… Las vetustas escaleras de madera crujieron cuando sus pisadas plasmaron en cada escalón su huella. Llegó a la habitación 27, en la segunda planta. Apenas una tenue luz asomaba a través de los cristales que adornaban la lamparita de la mesilla, la suficiente para ver la silueta de la mujer que le esperaba impaciente sentada en el borde de la cama. Él se acercó y ella, clavando las pupilas en sus ojos, hablándole con la mirada limpia como tantas veces había hecho antes, se levantó. Le acarició la cara y le abrazó, susurrándole al oído un te quiero que latió en su sienes durante un minuto. Le besó la cara, los ojos, acarició sus cejas, su nariz, sus labios, para que se quedara grabada esa imagen para siempre en sus manos. Tomó por la cintura a esa mujer, la que sin pretenderlo, había conquistado su alma. Él le dijo algo al oído y ella se estremeció. Permanecieron abrazados, sin moverse, y un instante después comenzaron a quitarse el uno al otro la ropa. Lentamente, él desató el lazo del vestido rojo que llevaba anudado en su cuello, bajó la cremallera y suspiró. Los botones fueron cayendo, frágiles como si fueran de coral. Sus besos eran cada vez más cálidos, se rozaban con sus lenguas, marcando el perfil de sus labios, para que permanecieran allí sellados, para que nunca se marcharan. Él la tomó en sus brazos y suavemente reclinó su cuerpo sobre la cama, un mar de sábanas blancas que desprendían olor a flor de azahar. Comenzó a desnudarla mientras la besaba y ella inclinaba su cuello, haciendo sitio para que cupieran sus besos, dejándose amar. Cuando sus manos alcanzaron el pubis, pudo sentir su sexo húmedo, sus pechos turgentes, sus pezones agrandándose hasta tomar forma de fresa madura para ser comida, para acariciarlos con la lengua hasta no dejar semilla. A ella le gustaba y él lo sabía.
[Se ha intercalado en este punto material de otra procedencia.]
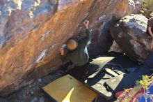 Blue Lizard Climbing and Yoga Hueco Tanks guiding on December 11, 2021, with Avery & Mia, Kevin, Jason, and JP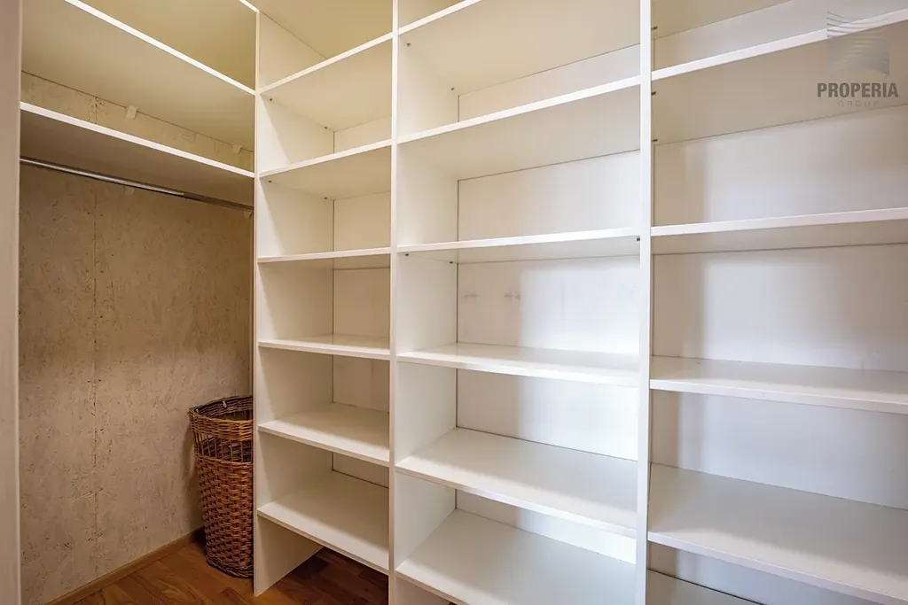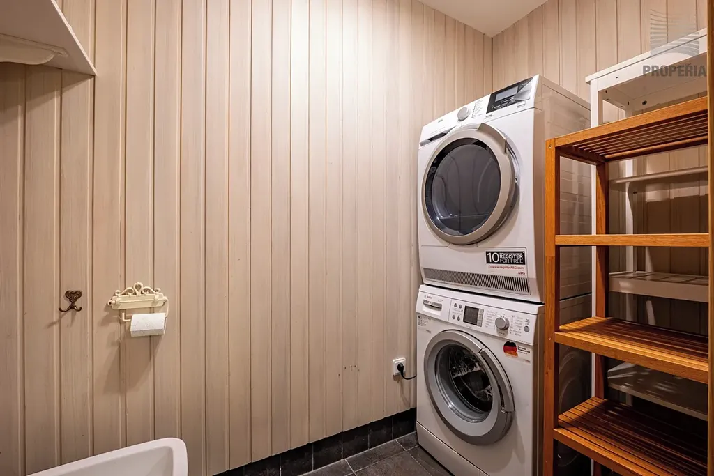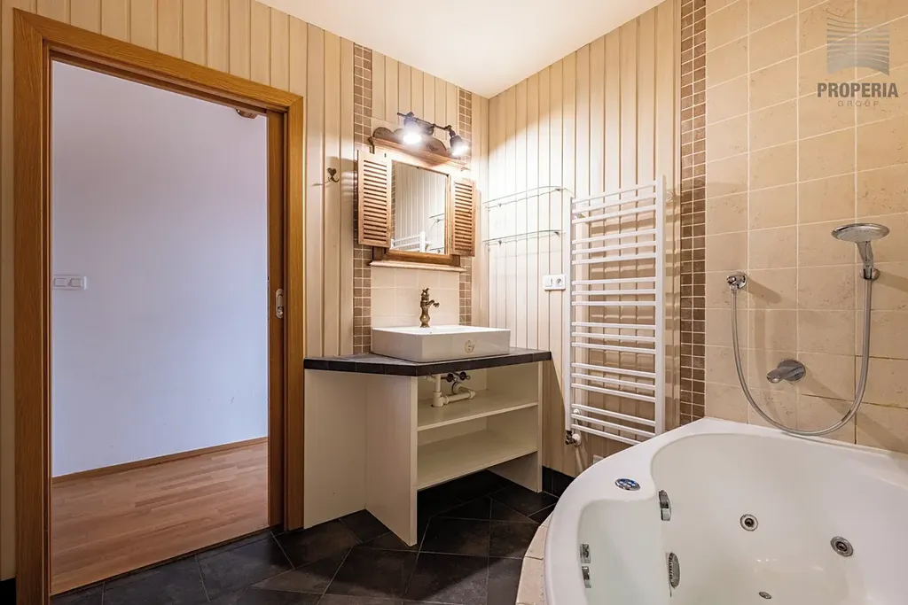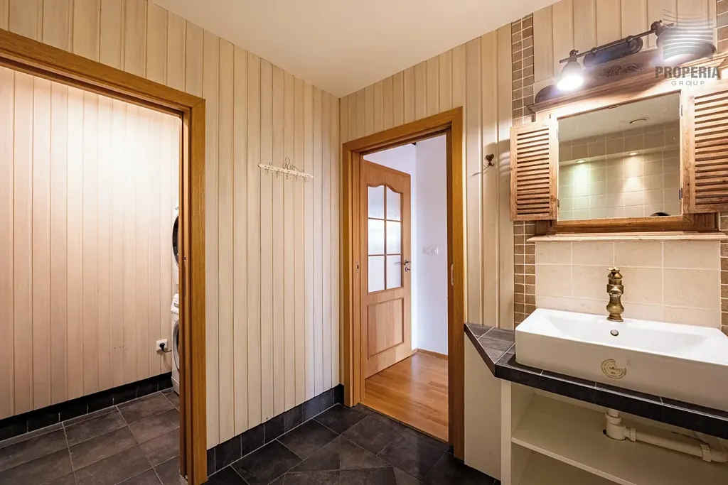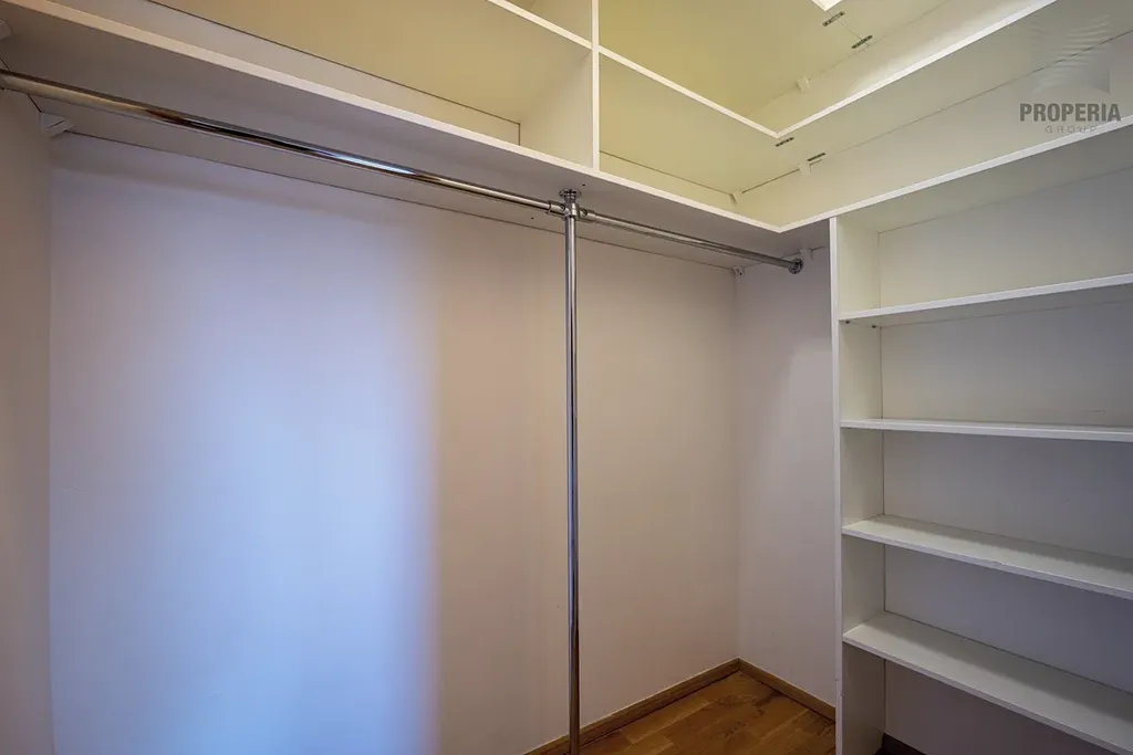 Byt disponuje dvěma koupelnami, velkým množstvím úložných prostor a komfortním zázemím i pro náročnější klientelu. Každá ložnice má vlastní šatnu. Zajímavým architektonickým detailem je částečně skleněná podlaha v patře.

Gemía con sus caricias, las de sus labios, las de sus manos, las del sexo que explotaba de emoción al notar su contacto.
Entonces ella, hablándole bajito le pidió que se tumbara. “Cierra los ojos” –dijo- y él sorprendido, se dejó hacer. Empezó a acariciar su pelo, su cuello, sus oídos y besó sus ojos cerrados, los que veían a través de los párpados porque estaba emocionado; sus labios poco a poco entreabrieron su boca con la lengua, agotando todas las posibilidades antes de entrar en el juego del beso íntegro. Terminó de desnudarle lentamente, acariciando cada una de las partes de su cuerpo, mordisqueándole los pezones chicos que apenas resaltaban emergiendo de su blanca piel. Le besó infinitamente antes de que su sexo cálido rozara el ombligo de su amante. Resbaló por su pecho y plácidamente lamió el sexo erecto que se mostraba ante ella, que convulsionaba reaccionando a la excitación; le besó los muslos, su entrepierna y buscó ese lugar dormido donde nunca nadie había entrado. Poco después, ella tomó de nuevo entre sus manos aquel sexo, montó en su vientre y lo introdujo tímidamente en su abismo. Ahí estalló ese momento de locura que durante tanto tiempo había soñado.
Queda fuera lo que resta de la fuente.